Compute the torque experimenced by a magnetic needle in a uniform magnetic field.

Consider a magnet of length 2l of pole strength `q_(m)` kept in a uniform magnetic field `vecB` as shown in Figure. Each pole experiences a force of magnitude `q_(m)B` but acts opposite direction.
Therefore, the net force exerted on the magnet is zero, so that there is no translatory motion. These two forces constitute a couple ( about midpoint of bar magnet ) which will rotate and try to align in the direction of the magnetic field `vecB`.

The force experienced by north pole,
`vecF_(N) = q_(m) vecB` .....(1)
The force experienced by south pole,
`vecF_(S) = - q_(m) vecB` ...(2)
Adding equations (1) and (2) , we get the net force acting on the dipole as
`vecF = vecF_(N) + vecF_(S) = vec0`
This implies, that the net force acting on the dipole is zero , but forms a couple which tends to rotate the bar magnet clockwise ( here ) in order to align it along `vecB`.
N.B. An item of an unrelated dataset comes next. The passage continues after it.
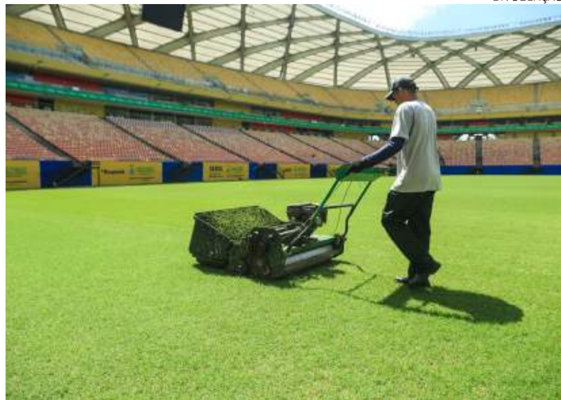
Estádio já recebeu Flamengo x Audax, também pelo Carioca, com carga total dos ingressos vendidos

Um dos entraves é que Abel Ferreira gosta do jogador e não deve facilitar a saída. Além disso, atualmente o Verdão conta com poucos atacantes no elenco, além de Breno: Dudu (contundido), Bruno Rodrigues (contundido), Endrick (na Seleção Sub-23), Flaco López e Rony. Na prática, apenas dois estão à dispo-

The moment of force or torque experienced by north and south pole about point O is
`vec tau = vec(ON) xx vecF_(N) + vec(OS) xx vecF_(S) `
` vectau = vec(ON) xx q_(m) vecB + vec(OS) xx (-q_(m) vecB)`
By using right hand cork screw rule, we conclude that the total torque is pointing into the paper . Since the magnitudes
`|vec(ON)|= |vec(OS)| = l " and " |q_(m) vecB| = |- q_(m) vecB|`, magnitude of total torque about point O
`tau = l xx q_(m) B sin theta + l xx q_(m) B sin theta`
` tau = 2l xx q_(m)B sin theta`
` tau = p_(m) Bsin theta" " (.:. q_(m) xx 2l = p_(m))`
In vector notation , `vectau = vecp_(m) xx vecB`